The proposed missile shield for Europe, which the U.S. is so magnanimously offering to construct, is not a necessary component of the trumped up Iran/U.S. to-do. Instead, these new missile sites are a provocation to Russia, a front we do not need to open. The Cold War gave us something to do when we weren't otherwise occupied, but we are now otherwise occupied.


Everything is so contrived in Bush's bald-faced, trumped-up marches to war. Iran test-fired nine long- and medium-range missiles during war games Wednesday in the Strait of Hormuz, and the White House responded saying the test "was 'completely inconsistent with Iran's obligations to the world' and served to further isolate the country."


Hypocrisy never has hobbled this administration. The U.S. may explode missiles in space, militarizing yet another dimension of man's environment, but that is democracy in action. While the U.S. has vital interests in keeping the Strait and Gulf open to oil traffic, goading Iran does not favor securing that goal.


The U.S. also has a vital interest in protecting Europe, but goading Russia does not facilitate achieving that goal, either. U.S. Gulf policy has destabilized the region and is counterproductive for the attainment of overall Mideast security. Forgetting missile technology for a moment -- let's talk spears.


If Iran wants to disrupt the flow of oil all they have to do is block the Straits, which can be achieved via a number of low-tech means. The Egyptians blocked the Suez Canal with sunken ships. Imagine the consequences to the price and availability of oil on the world market were Iran to undertake such actions.


In fact, this issue of maintaining shipping lines is a world issue, not simply a national concern. Why is the U.S. again playing a High Noon scenario in the region? Any possible Iranian aggression is a United Nations issue. If Bush and Co. talk diplomacy, then let them put their money where their mouths are.


"Defense Secretary Robert Gates and Secretary of State Condoleezza Rice stood clear of discussing possible military responses,
arguing that the tests instead were proof that a proposed missile shield for Europe, a system that has drawn vehement opposition from Russia, is vital to defending U.S. interests and allies (US and Iran Appear on Collision Course.)"

No hard intelligence has been presented of strategic indicators that Iran intends to attack Europe. Just going on common sense (something in short supply in the U.S. today): Why would an oil exporter attack its best paying customers? In the New World's preferred currency, the Euro, to boot?

That may be the kind of of paranoiac, shoot-yourself-in-the-foot behavior that characterizes the U.S.'s current treatment even of its own citizens via civil rights curtailment. But most people and countries are more pragmatic than that.

Europe is no longer the Old Europe of 1946-66. This Europe has outgrown NATO, as the members have entered into a stronger alliance sans the U.S., the European Union. the military situation will eventually realign to this new reality.

Therefore, if Europe is to be protected from missiles or spears, let the EU nations protect themselves. Doesn't make much sense for the U.S. to be protecting Europe's oil lanes and homeland while the Euro is supplanting the USD on the world market.

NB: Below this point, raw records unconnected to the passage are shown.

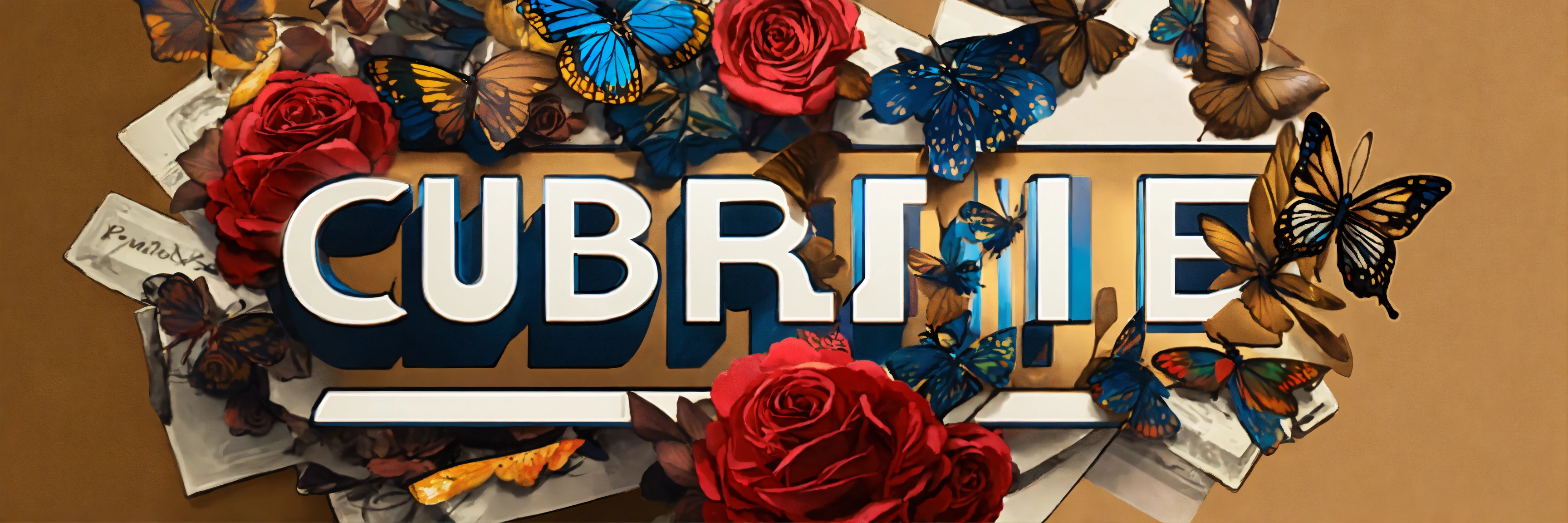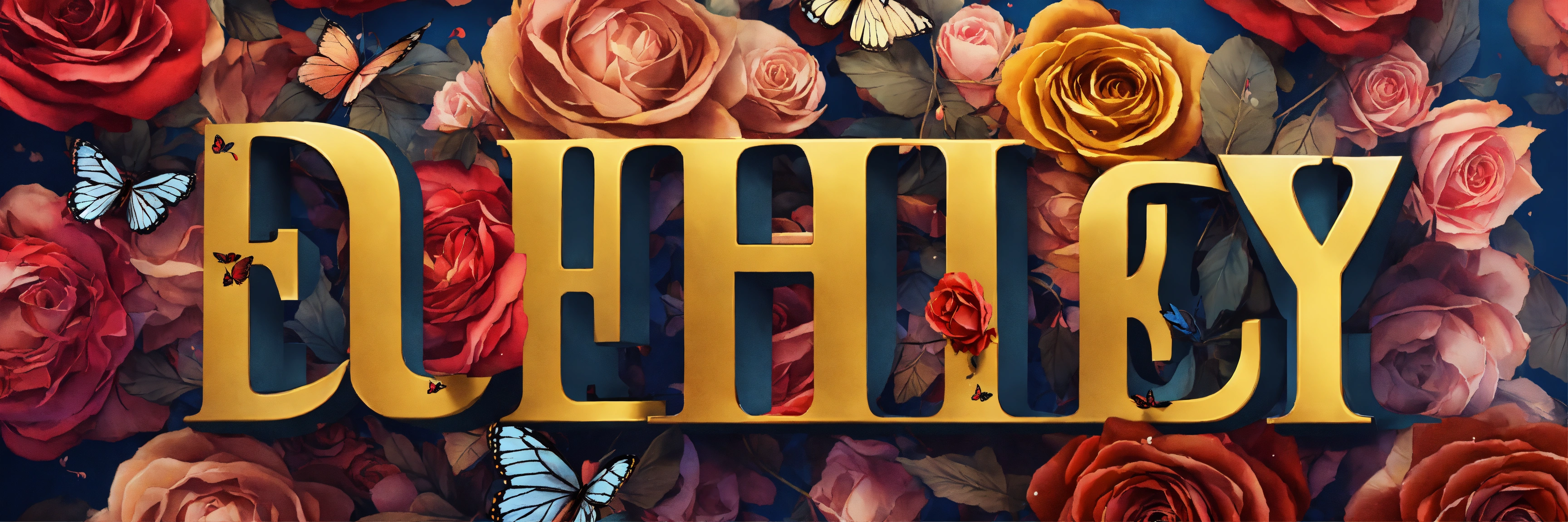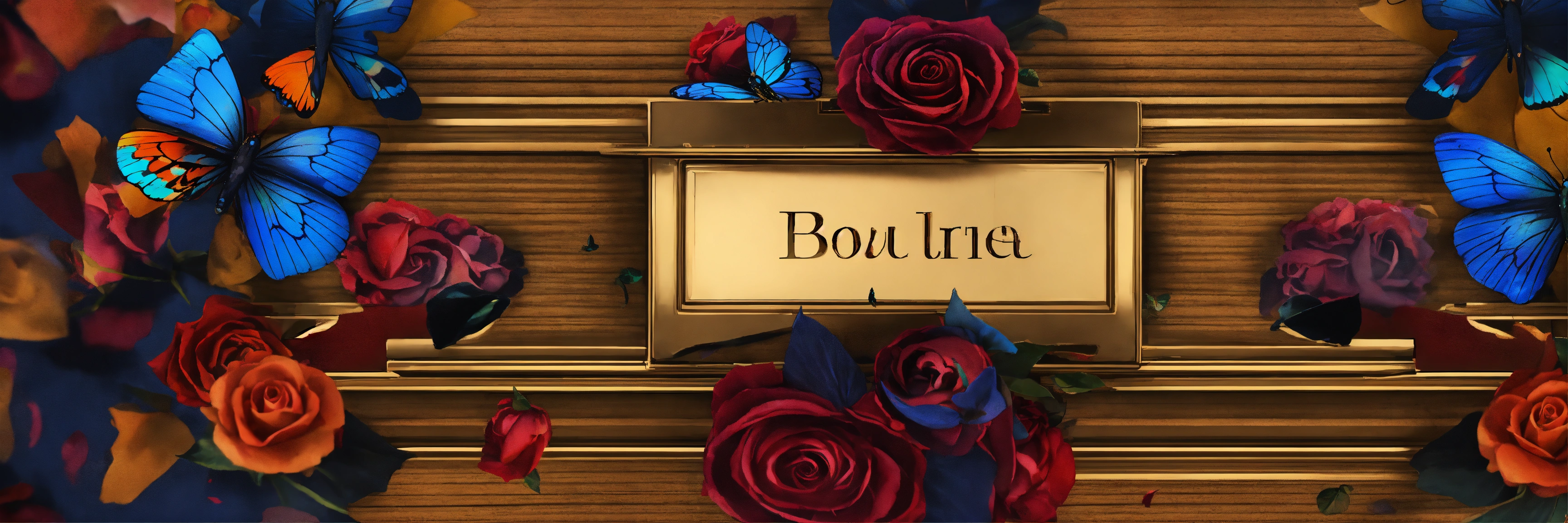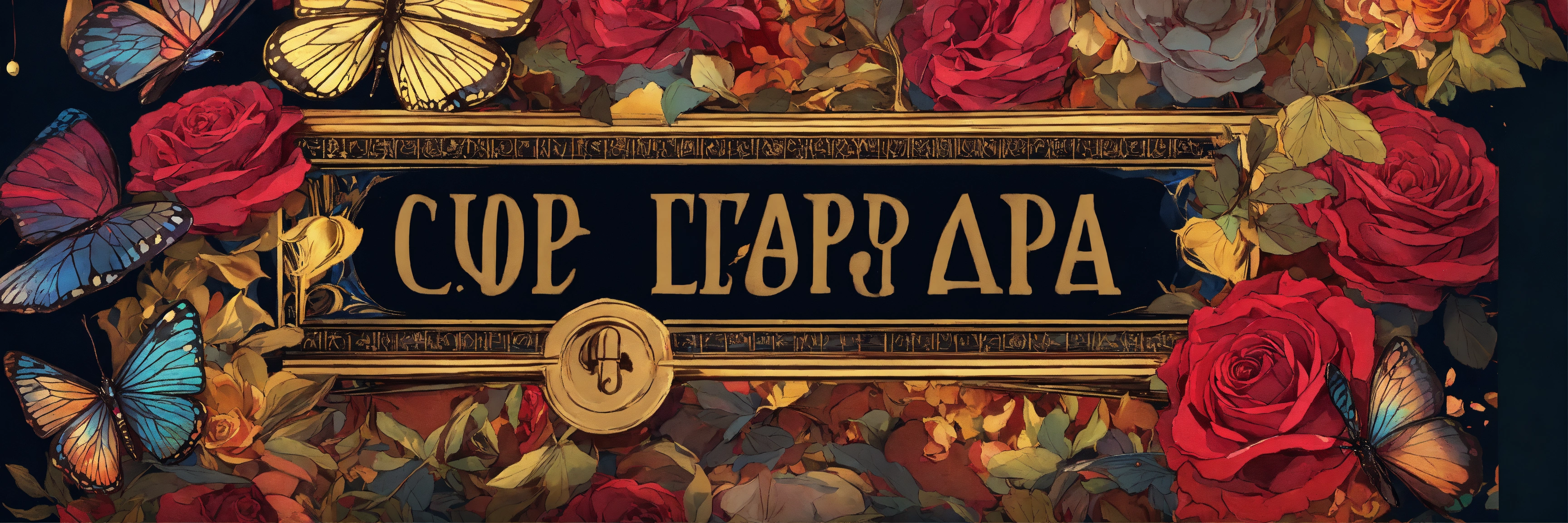 Text an abstract expensive luxury bespoke bowtie, lots ink dripping, surrealistic, surrounded by butterflies and roses. cubist style, cinematic, centered on top of pile of cigars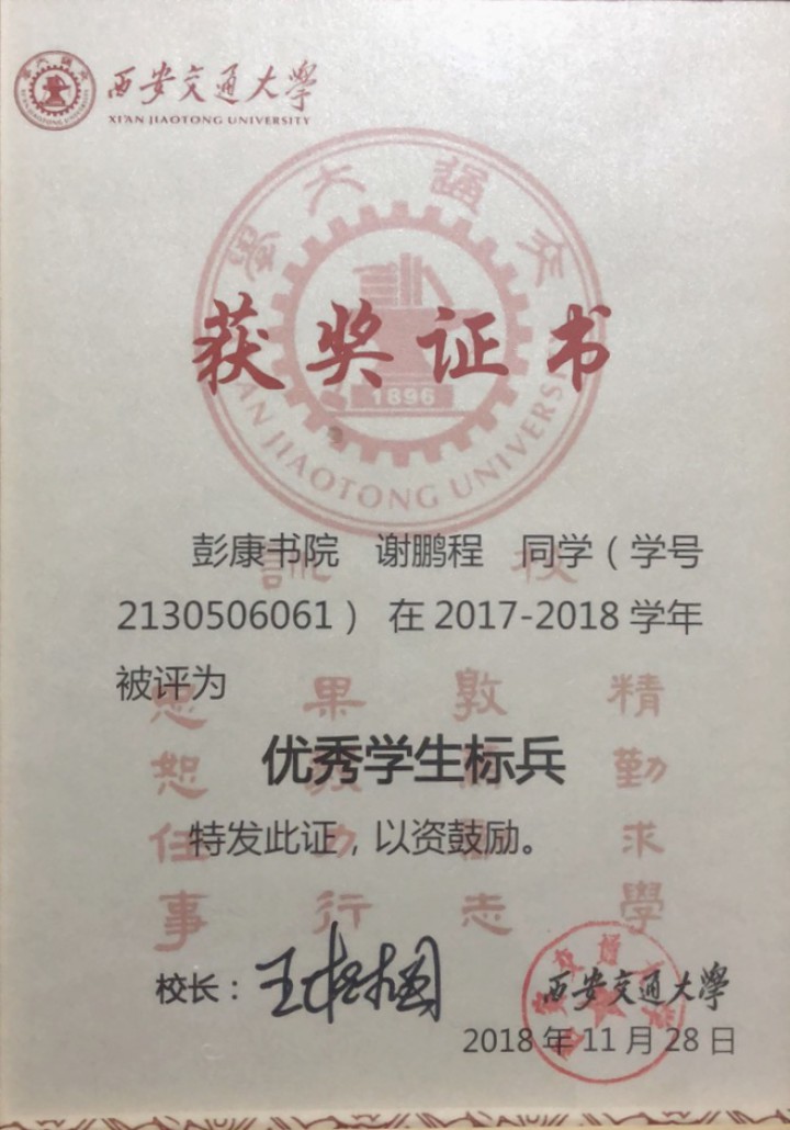 | 2018年 | 西安交通大学 | 十大学生标兵 |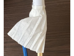 考案者は、日々作画手法を研究している下田スケッチ(@simodasketch)さん。ティッシュペーパーをジャバラに折り、割りばしに巻き付けてプリーツスカートに仕上げました。小さくて取り回しやすく、スソを鉛筆などで持ち上げれば、翻った様子などを自由に形作れます。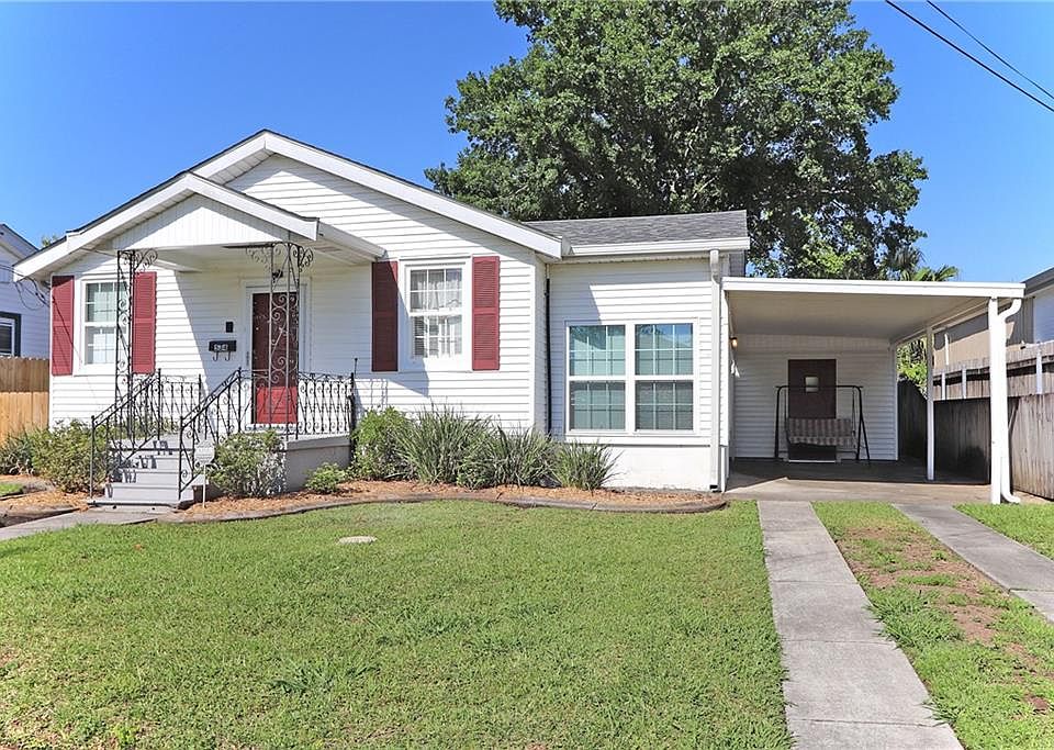 Charming Old Jeff Cottage. This home features a large Den (or primary bedroom) across the back of the home. Updated atrium doors open to the deck & nice yard. Inside laundry room off the kitchen. Dining room with wood floors. Covered carport with storage room. New roof! Central A/C & Heat. X flood zone - current flood premium only $500/yr. No carpet. Great location - close to Ochsner & easy access to Nola.
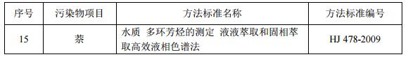 四、 “水污染物濃度測定方法標(biāo)準(zhǔn)”表中增加廢水中萘的監(jiān)測分析方法: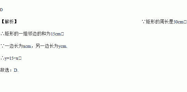 已知长方形的周长为30 cm,一边长为x cm,与其相邻的另一边长为y cm,则y与x之间的函数解析式为( )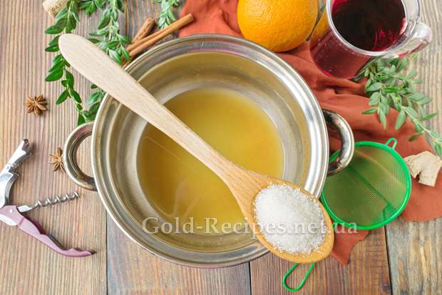 Додамо у відвар дві столові ложки цукру або меду, щоб глінтвейн вийшов ще смачнішим. Ретельно перемішаємо суміш, щоб цукор повністю розчинився.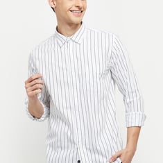 Great comfort infused with great style, this casual shirt is designed with stripe print, finished with full sleeves, spread collar, full button placket, curved hemline, and amped up with a fashionable look.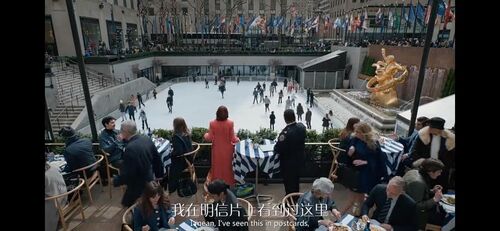 洛克菲勒街心花园:洛克菲勒中心是由14栋摩天高楼组成的建筑群。洛克菲勒中心的街心花园,在每年的10月到次年的4月,是室外溜冰场Rink——所以Elsbeth看到滑冰的人群,迫不及待地跟警长说,我们去滑冰吧!金色的雕像是拿着火种的普罗米修斯。花园周围还飘着各国国旗——这里曾经是联合国总部大楼。

Their Army's and Air Forces taken as a whole exceed U.S. military capabilities.

Iraq displays this sorry fact nicely, when the U.S. cannot secure a nation in which they are not even fighting an army. The U.S. must stop acting as white knight to the world. the AP article depicts Washington and Tehran as "jousting," but the reality is, neither are knights. They are players with economic interests. In this game, the EU can assume the mantle for their own defense.

The U.S. lacks the assets and funds to protect Europe from a questionable threat.